Splunk Touts Troubleshooting Rx

How you may be troubleshooting application performance and reliability issues in the loosely coupled application-scape of the future

If there’s a downside to the loosely-coupled application-scape of the future, it could well be that it’s going to look a lot like the highly distributed application-scape of the past. In an application model with multiple touchpoints, encompassing a range of different systems, networks, and data sources, how can IT troubleshoot application performance and reliability issues quickly and easily?

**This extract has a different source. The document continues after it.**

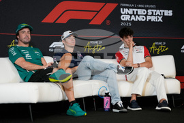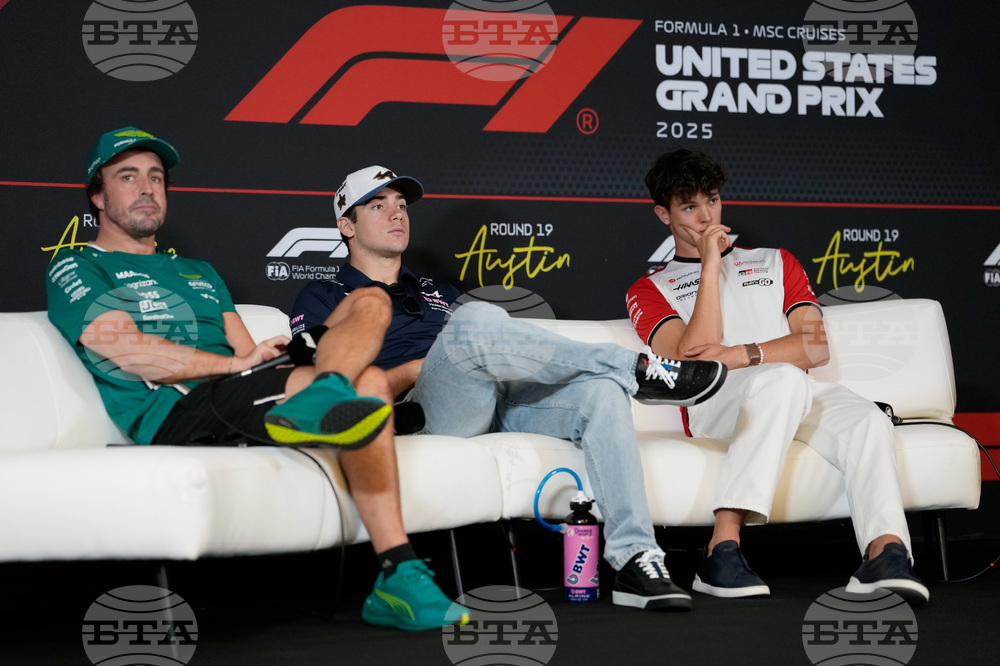 From left, Aston Martin driver Fernando Alonso of Spain, Alpine driver Franco Colapinto of Argentina, and Haas driver Oliver Bearman of Great Britain attend a news conference for the Formula One U.S. Grand Prix auto race at the Circuit of the Americas, Thursday, Oct. 16, 2025, in Austin, Texas. (AP Photo/John Locher)

Scrappy start-up Splunk Inc. thinks it has a solution. Splunk markets an search and analysis tool that can parse log and configuration files from hardware devices, operating system platforms, applications, databases, message queues, and even enterprise service buses to help IT organizations troubleshoot application performance and reliability problems.

It also has impressive antecedents. Splunk CEO Michael Baum worked on search-engine technology with Yahoo! Inc. and the former Infoseek. Ditto for CTO Eric Swan, another Infoseek veteran—and a former eBay staffer. It’s tempting to frame Splunk as a sort of über-Google for log files—as at least one reviewer has done—but CEO Baum says that’s an oversimplification.

“For a layman from 100,000 feet, maybe that’s a fine explanation, but … it’s a pretty gross oversimplification of what we’re doing,” he comments. “On the Web, data is relatively static; Web sites don’t change as much. But IT data changes every millisecond—it’s streaming, rapid-fire information that isn’t hyperlinked to anything, so our challenge is [to take] all of that streaming data and [be] able to catalogue it in real time. It’s a whole lot different [than Web search].”

Of course, any sys admin worth his or her salt can grep, concatenate, and analyze a collection of log files. Most organizations use homegrown or ad hoc tools to do just that, after all. But Splunk outstrips vanilla search and analysis tools, Baum maintains, because it uses inferencing algorithms and other black-box technologies to reverse-engineer relationships. In this respect, he argues, it’s able to reliably pinpoint problems that might span dozens of different log files, involving hundreds of megabytes (or even gigabytes) of data.

“There’s this very complex data in lots of different formats, none of it is very well structured, and you have all of these experts trying to make sense of that data. But why hasn’t anyone applied technology to this problem? Here you someone logging into a machine, grepping through files, basically reverse-engineering what these systems are doing at runtime—why not automate that?” Baum suggests.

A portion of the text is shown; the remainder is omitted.